Once a diagnosis has been made, the diagnosis is output in the form of a list.suspect event. A list.suspect event is an event comprised of one or more possible fault or defect events. Sometimes the diagnosis cannot narrow the cause of errors to a single fault or defect. For example, the underlying problem might be a broken wire connecting controllers to the main system bus. The problem might be with a component on the bus or with the bus itself. In this specific case, the list.suspect event will contain multiple fault events: one for each controller attached to the bus, and one for the bus itself.
In addition to describing the fault that was diagnosed, a fault event also contains four payload members for which the diagnosis is applicable.
The resource is the component that was diagnosed as faulty. The fmdump(1M) command shows this payload member as “Problem in.”
The Automated System Recovery Unit (ASRU) is the hardware or software component that must be disabled to prevent further error symptoms from occurring. The fmdump(1M) command shows this payload member as “Affects.”
The Field Replaceable Unit (FRU) is the component that must be replaced or repaired to fix the underlying problem.
The Label payload is a string that gives the location of the FRU in the same form as it is printed on the chassis or motherboard, for example next to a DIMM slot or PCI card slot. The fmdumpcommand shows this payload member as “Location.”
For example, after receiving a certain number of ECC correctable errors in a given amount of time for a particular memory location, the CPU and memory diagnosis engine issues a diagnosis (list.suspect event) for a faulty DIMM.

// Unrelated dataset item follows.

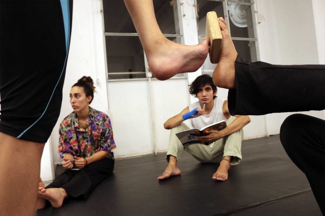 El trabajo lo dividimos en tres ejes: las relaciones entre los cuerpos en escena, las relaciones de los cuerpos con el espacio/tiempo y la activación de dispositivos creativos. Evidentemente, un encuentro de tres días y con la diversidad de personas que asistieron nos brindó muchísimo material sobre el cual reflexionar y continuar indagando, por eso en los siguientes laboratorios se abrirán nuevas líneas de abordar estas relaciones que enmarquen cada vez el deseo inicial de este proyecto de investigación.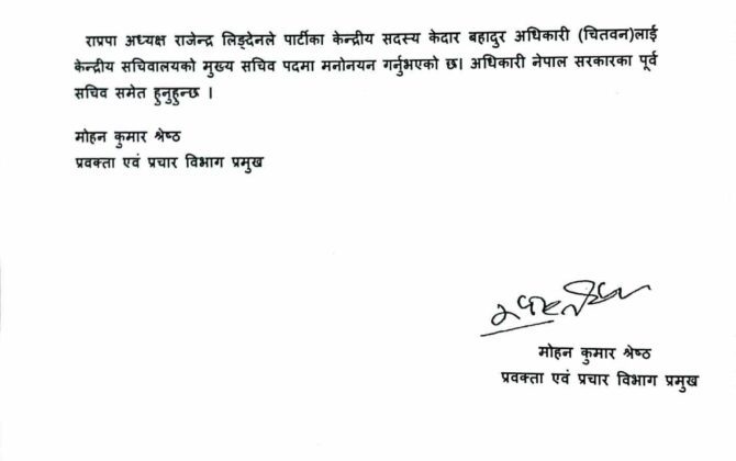 पुरा पढ्नुहोसराप्रपाको मुख्यसचिवमा केदारबहादुर अधिकारी मनोनीत

# fmdump -v -u 38bd6f1b-a4de-4c21-db4e-ccd26fa8573c TIME UUID SUNW-MSG-ID Oct 31 13:40:18.1864 38bd6f1b-a4de-4c21-db4e-ccd26fa8573c AMD-8000-8L 100% fault.cpu.amd.icachetag Problem in: hc:///motherboard=0/chip=0/cpu=0 Affects: cpu:///cpuid=0 FRU: hc:///motherboard=0/chip=0 Location: SLOT 2 |
In this example, fmd(1M) has identified a problem in a resource, specifically a CPU (hc:///motherboard=0/chip=0/cpu=0). To suppress further error symptoms and to prevent an uncorrectable error from occurring, an ASRU, (cpu:///cpuid=0), is identified for retirement. The component that needs to be replaced is the FRU (hc:///motherboard=0/chip=0).